Exercise description = All pictures must be left out as you transcribe the lines from the first line of the data to the line containing "VEVOR Hose Reel", both included.

Collected data entries:
--

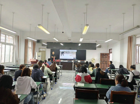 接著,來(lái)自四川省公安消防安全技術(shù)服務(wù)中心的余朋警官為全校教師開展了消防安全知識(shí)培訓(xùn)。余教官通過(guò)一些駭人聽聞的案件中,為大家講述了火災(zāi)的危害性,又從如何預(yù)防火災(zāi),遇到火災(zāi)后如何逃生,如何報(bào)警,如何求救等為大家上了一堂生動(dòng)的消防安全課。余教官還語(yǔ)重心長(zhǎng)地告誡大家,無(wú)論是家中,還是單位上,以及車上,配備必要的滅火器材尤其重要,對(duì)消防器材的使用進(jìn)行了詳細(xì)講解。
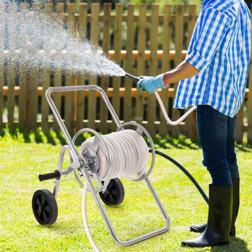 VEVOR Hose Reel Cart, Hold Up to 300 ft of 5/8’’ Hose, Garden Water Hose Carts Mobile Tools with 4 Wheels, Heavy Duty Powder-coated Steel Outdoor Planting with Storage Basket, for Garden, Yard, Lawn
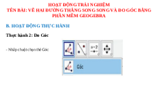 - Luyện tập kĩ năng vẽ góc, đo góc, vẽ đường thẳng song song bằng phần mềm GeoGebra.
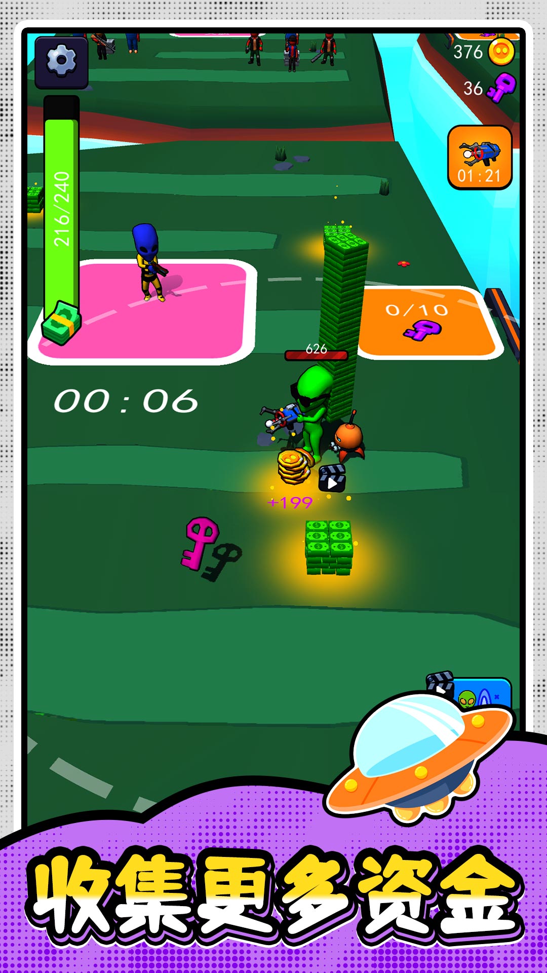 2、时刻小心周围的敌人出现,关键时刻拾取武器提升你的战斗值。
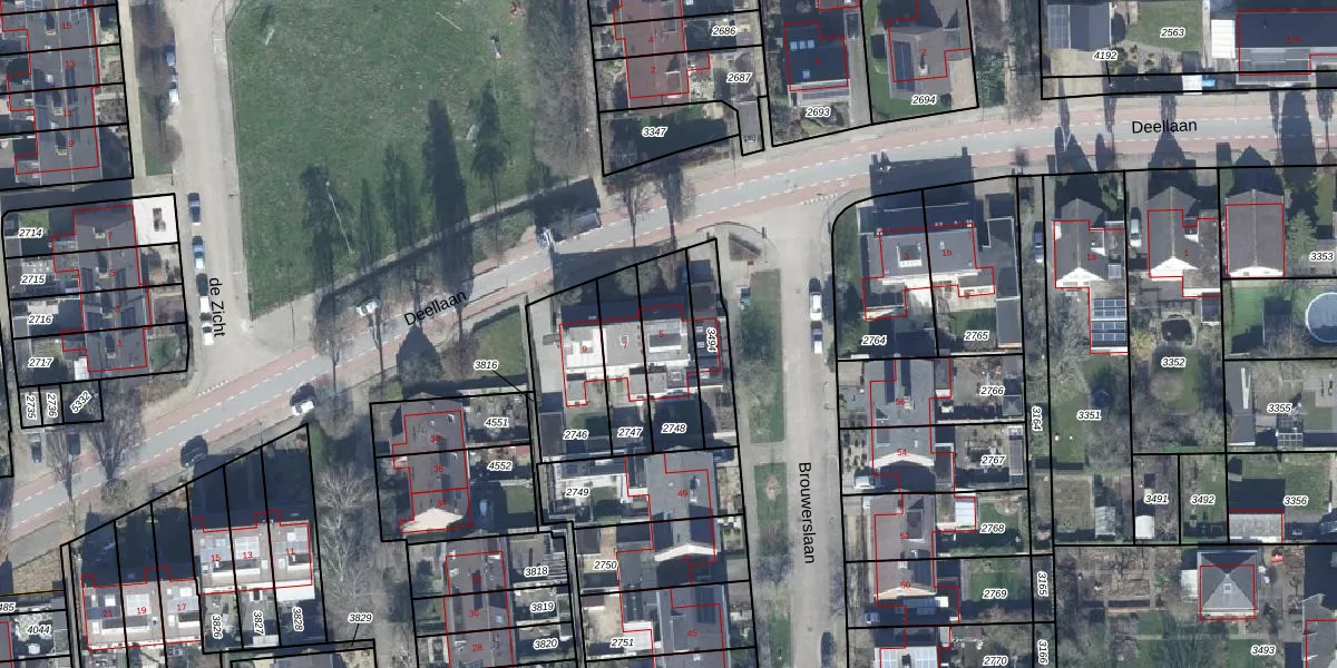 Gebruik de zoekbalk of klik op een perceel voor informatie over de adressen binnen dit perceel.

--

Solution below =
 接著,來(lái)自四川省公安消防安全技術(shù)服務(wù)中心的余朋警官為全校教師開展了消防安全知識(shí)培訓(xùn)。余教官通過(guò)一些駭人聽聞的案件中,為大家講述了火災(zāi)的危害性,又從如何預(yù)防火災(zāi),遇到火災(zāi)后如何逃生,如何報(bào)警,如何求救等為大家上了一堂生動(dòng)的消防安全課。余教官還語(yǔ)重心長(zhǎng)地告誡大家,無(wú)論是家中,還是單位上,以及車上,配備必要的滅火器材尤其重要,對(duì)消防器材的使用進(jìn)行了詳細(xì)講解。
 VEVOR Hose Reel Cart, Hold Up to 300 ft of 5/8’’ Hose, Garden Water Hose Carts Mobile Tools with 4 Wheels, Heavy Duty Powder-coated Steel Outdoor Planting with Storage Basket, for Garden, Yard, Lawn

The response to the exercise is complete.